Por último, e embora dando provimento ao pedido relativo à anulação da liquidação em causa na parte relativa ao imóvel com o artigo matricial n º..., da freguesia da ..., a minha decisão assenta na inconstitucionalidade, conforme acima referido, e não na respectiva ilegalidade. Na esteira da Doutrina que, com mais desenvolvimento, se retira de “Justiça Constitucional”, de Carlos Blanco de Morais e “A decisão de inconstitucionalidade” de Rui Medeiros, a interpretação conforme à Constituição só pode ocorrer quando existam várias interpretações possíveis para a mesma norma (polissemia de sentidos da norma). O que, salvo melhor opinião, não é o caso do presente preceito. Na alínea b) do n.º 1 do artigo 6.º do Código do IMI, face ao disposto no número 2 do mesmo artigo, não há qualquer margem para inclusão de outro tipo de prédios que não sejam um edifício ou uma construção, pelo que nela nunca poderia ser incluído um terreno. Seria necessário defender que o legislador não se soube exprimir para que tal fosse possível, o que não se encontra previsto igualmente nos critérios interpretativos previstos no artigo 9.º do Código Civil, em particular o seu n.º 2 de acordo com o qual “Não pode, porém, ser considerado pelo intérprete o pensamento legislativo que não tenha na letra da lei um mínimo de correspondência verbal, ainda que imperfeitamente expresso.”

 

 

 

Miguel Carrasqueira Baptista

 

 

 



[1] BAPTISTA MACHADO, Introdução do Direito e ao Discurso Legitimador, página 182.
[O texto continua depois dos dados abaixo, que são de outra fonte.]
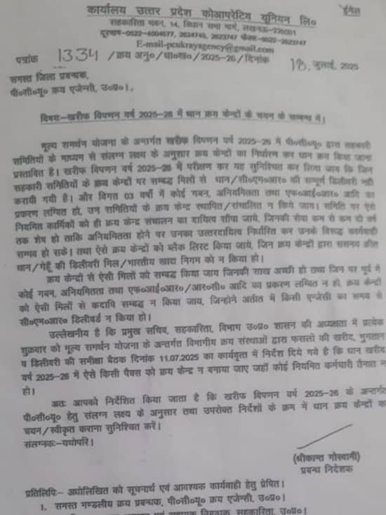 अम्बेडकरनगर। उत्तर प्रदेश के अम्बेडकरनगर जिले में धान क्रय केंद्रों की स्थापना में पारदर्शिता के सरकारी दावे पूरी तरह ध्वस्त होते दिख रहे हैं। जिला स्तर पर ए.आर. कोऑपरेटिव राघवेंद्र प्रताप शुक्ला पर गंभीर आरोप लगे हैं कि उन्होंने शासनादेश की खुलेआम अवहेलना करते हुए उन्हीं समितियों पर केंद्र खोल दिए, जिन पर पहले से एफआईआर दर्ज है या सचिव गबन के मामलों में आरोपी हैं।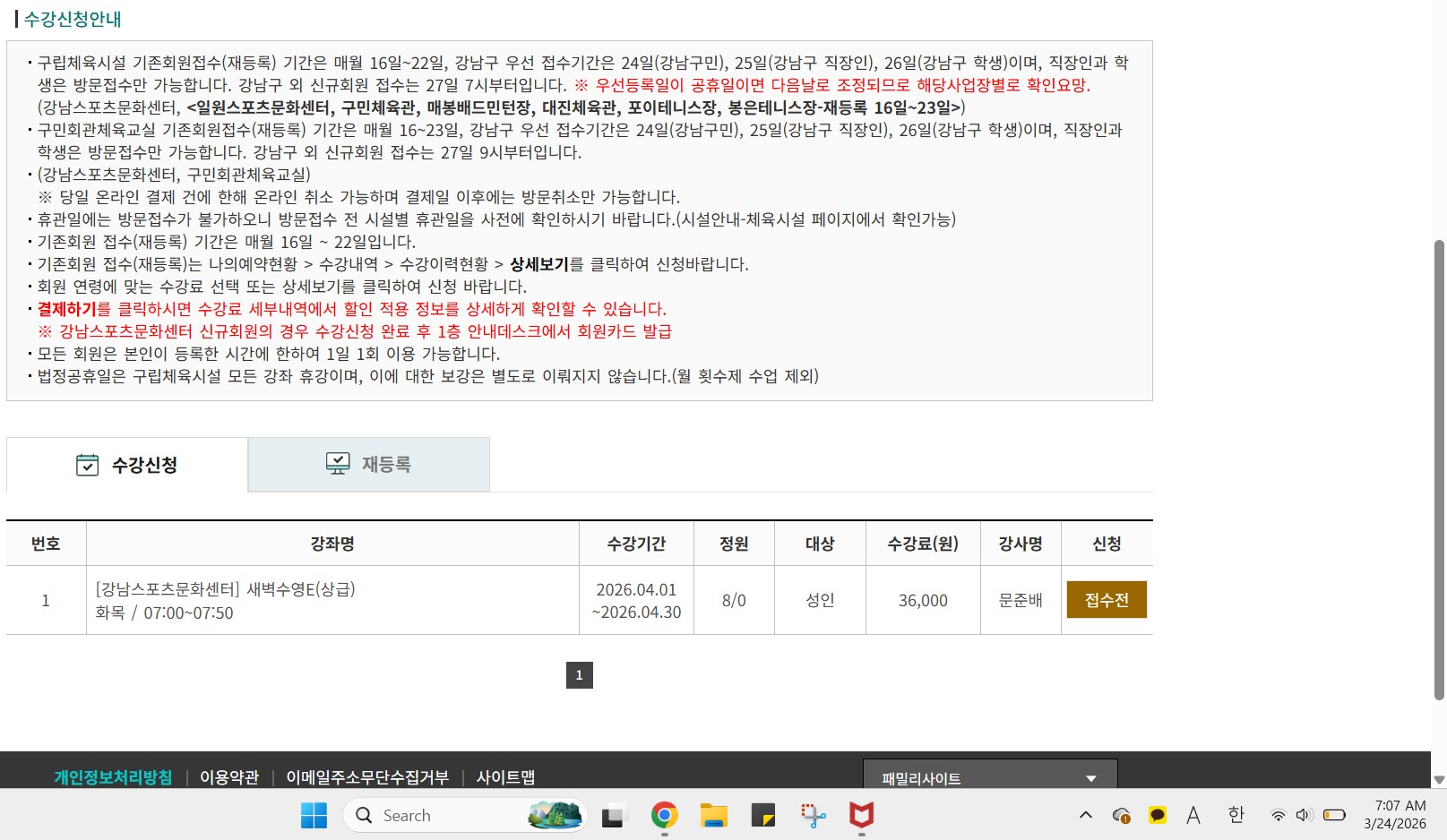 수강신청 수영 강남구민 우선접수 작성자 김문정 작성일 2026년 3월 24일 7시 8분 33초 조회 59 화면 캡처 2026-03-24 070741.jpg [ Size : 273.04KB , Down : 19 ] 미리보기 다운로드 안녕하세요 24일 강남구민 신규접수하려는데 정시가 되어도 접수전인 상태로 신청이 불가합니다(첨부 이미지 참고). 제가 등록 시점을 잘못 알고 있는건지, 시스템 오류인건지 확인 부탁드립니다. 감사합니다. 목록보기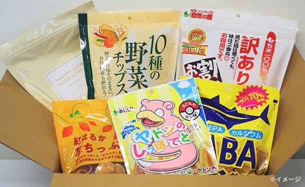 製造時にパッケージに傷がついて規格外になった商品や、需要の変化で販売先のない商品など、様々な原因でお困りのお菓子・おつまみをBOXにしました。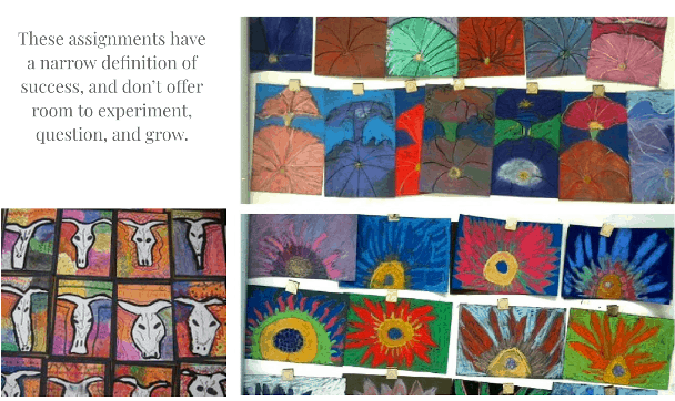 Search Pinterest for ‘art lesson,’ and you’ll find many beautiful examples like the ones below. When I taught art at the elementary school, these were the type of projects expected. They provided an easy check-off of objectives and the results were simply assessed. And, frankly, they are pleasing to look at. However, with projects such as these, kids are demonstrating little more than that they can follow directions. It is setting them up to define success in whether or not their picture looks ‘right’ or ‘wrong,’ and offers little opportunity to experiment, question, and grow.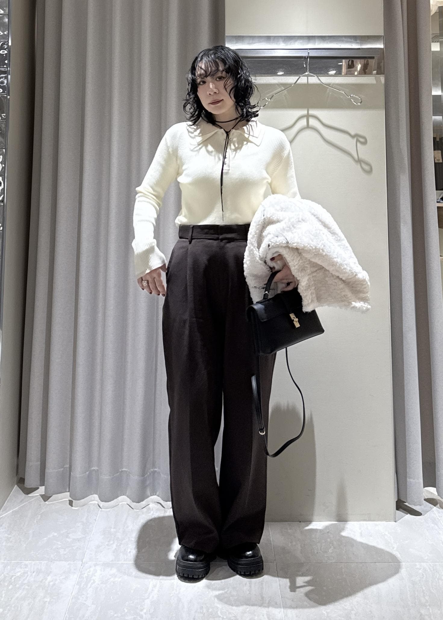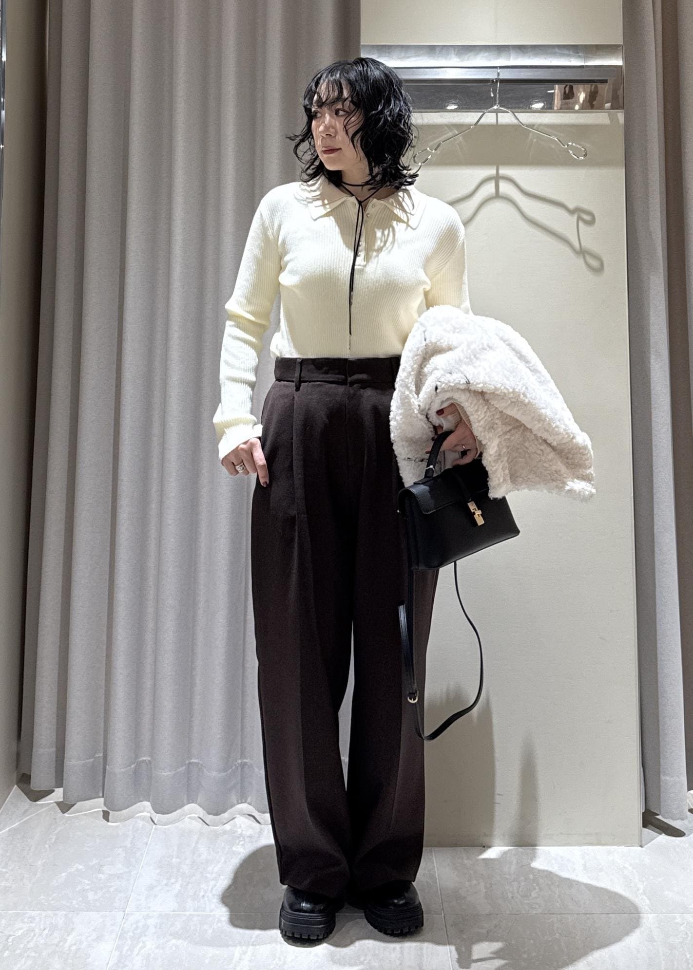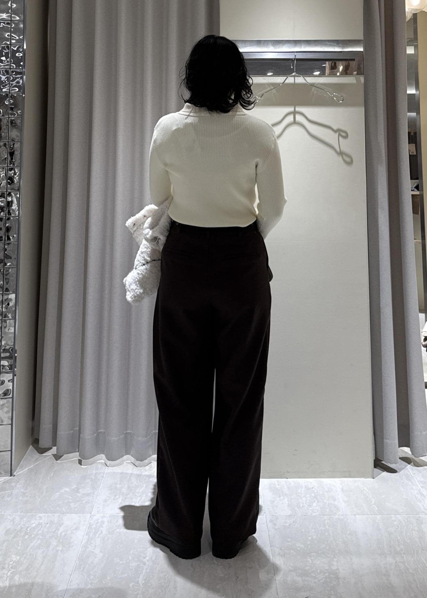シンプルだけど着映えするダブルカラーニットは、柔らかくて楽な着心地な上ちゃんとした感もあるからお仕事でも良さそうです◎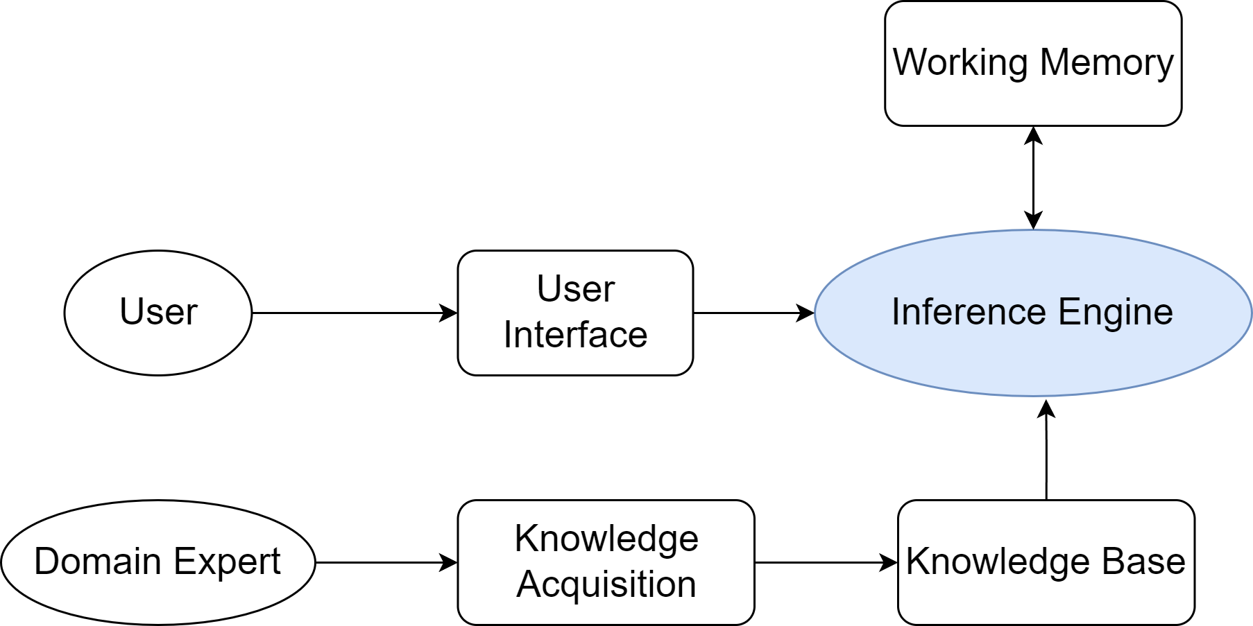 典型的专家系统通常由由知识库、推理机、用户界面等几个核心部分构成,如下图所示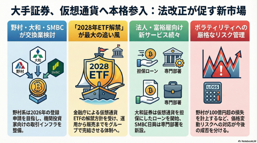 野村ホールディングスの子会社である「レーザー・デジタル」は、2026年中にも日本での暗号資産交換業の登録を目指しています。また、SMBC日興証券は2025年5月1日に仮想通貨関連の新規事業を開発する専門部署を新設し、参入の検討を始めました。大和証券グループも、グループ内での商品販売などを議論しています。

([2]) Essencialmente neste sentido, podem ver-se, entre outros, os seguintes acórdãos do Tribunal Constitucional:

                – n.º 143/88, de 16-6-1988, proferido no processo n.º 319/87, publicado no Boletim do Ministério da Justiça n.º 378, página 183;

                – n.º 149/88, de 29-6-1988, proferido no processo n.º 282/86, publicado no Boletim do Ministério da Justiça n.º 378, página 192;

                – n.º 118/90, de 18-4-90, proferido no processo n.º 613/88, publicado no Boletim do Ministério da Justiça n.º 396, página 123;

                – n.º 169/90, e 30-5-1990, proferido no processo n.º 1/89, publicado no Boletim do Ministério da Justiça n.º 397, página 90;

                – n.º 186/90, de 6-6-1990, proferido no processo n.º 533/88, publicado no Boletim do Ministério da Justiça n.º 398, página 81;

                – n.º 155/92, de 23-4-1992, proferido no processo n.º 204/90, publicado no Boletim do Ministério da Justiça n.º 416, página 295;

      – n.º 335/94, de 20-4-1994, proferido no processo n.º 61/93, publicado no Boletim do Ministério da Justiça n.º 436, página 129;

      – n.º 468/96, de 14-3-1996, proferido no processo n.º 87/95, publicado no Boletim do Ministério da Justiça n.º 455, página 152;

      – n.º 1057/96, de 16-10-1996, proferido no processo n.º 347/91, publicado no Boletim do Ministério da Justiça n.º 460, página 284;

      – n.º 128/99, de 3-3-1999, proferido no processo n.º 140/97, publicado no Boletim do Ministério da Justiça n.º 485, página 26.

([3]) No caso em apreço, a questão apenas se coloca em relação a um terreno para construção de edifício ou edifícios destinados a serviços.

([4]) BAPTISTA MACHADO, Introdução do Direito e ao Discurso Legitimador, página 191.

([5]) Essencialmente neste sentido, GOMES CANOTILHO e VITAL MOREIRA, Constituição da República Portuguesa Anotada, volume I, 4.ª edição, 2007, página 344.